Records for the task section start

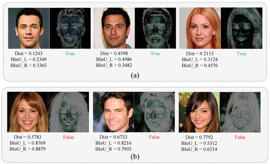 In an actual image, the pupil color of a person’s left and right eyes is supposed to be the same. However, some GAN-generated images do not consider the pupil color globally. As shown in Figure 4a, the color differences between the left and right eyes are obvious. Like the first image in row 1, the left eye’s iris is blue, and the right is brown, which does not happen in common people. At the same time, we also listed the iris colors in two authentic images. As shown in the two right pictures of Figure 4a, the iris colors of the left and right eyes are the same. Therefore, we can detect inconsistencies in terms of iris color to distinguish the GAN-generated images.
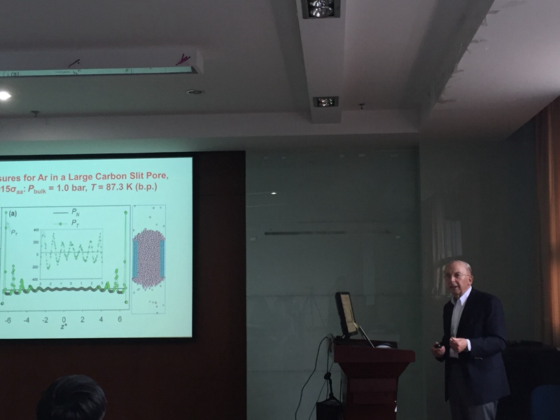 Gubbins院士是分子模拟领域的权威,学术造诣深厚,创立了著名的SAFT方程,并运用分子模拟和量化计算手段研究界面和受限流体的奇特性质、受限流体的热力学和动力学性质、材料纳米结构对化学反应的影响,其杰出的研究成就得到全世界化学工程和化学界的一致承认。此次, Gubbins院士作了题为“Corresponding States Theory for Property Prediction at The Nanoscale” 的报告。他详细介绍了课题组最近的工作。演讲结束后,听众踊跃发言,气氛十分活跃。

Records for the task section end
Records for the task section start

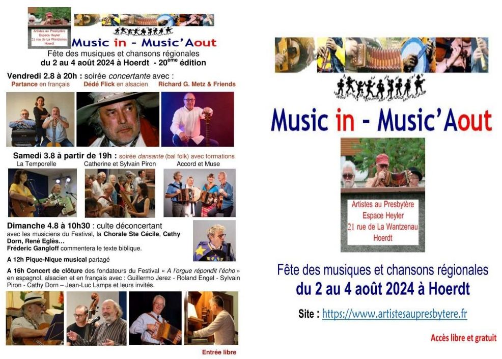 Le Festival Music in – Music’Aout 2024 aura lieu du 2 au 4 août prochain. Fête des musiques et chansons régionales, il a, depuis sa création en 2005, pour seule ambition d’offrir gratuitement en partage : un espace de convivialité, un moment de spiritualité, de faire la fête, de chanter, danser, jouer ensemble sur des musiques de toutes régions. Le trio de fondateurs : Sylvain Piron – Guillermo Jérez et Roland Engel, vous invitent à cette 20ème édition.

Records for the task section end
Records for the task section start

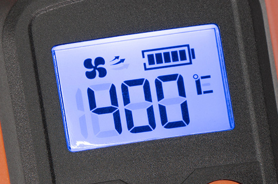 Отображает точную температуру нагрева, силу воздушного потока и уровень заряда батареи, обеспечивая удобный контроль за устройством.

Records for the task section end

Print, word for word, the lines above that run from the line containing "In an actual" to the line containing "States Theory for", both included. Keep the pictures out.

 In an actual image, the pupil color of a person’s left and right eyes is supposed to be the same. However, some GAN-generated images do not consider the pupil color globally. As shown in Figure 4a, the color differences between the left and right eyes are obvious. Like the first image in row 1, the left eye’s iris is blue, and the right is brown, which does not happen in common people. At the same time, we also listed the iris colors in two authentic images. As shown in the two right pictures of Figure 4a, the iris colors of the left and right eyes are the same. Therefore, we can detect inconsistencies in terms of iris color to distinguish the GAN-generated images.
 Gubbins院士是分子模拟领域的权威,学术造诣深厚,创立了著名的SAFT方程,并运用分子模拟和量化计算手段研究界面和受限流体的奇特性质、受限流体的热力学和动力学性质、材料纳米结构对化学反应的影响,其杰出的研究成就得到全世界化学工程和化学界的一致承认。此次, Gubbins院士作了题为“Corresponding States Theory for Property Prediction at The Nanoscale” 的报告。他详细介绍了课题组最近的工作。演讲结束后,听众踊跃发言,气氛十分活跃。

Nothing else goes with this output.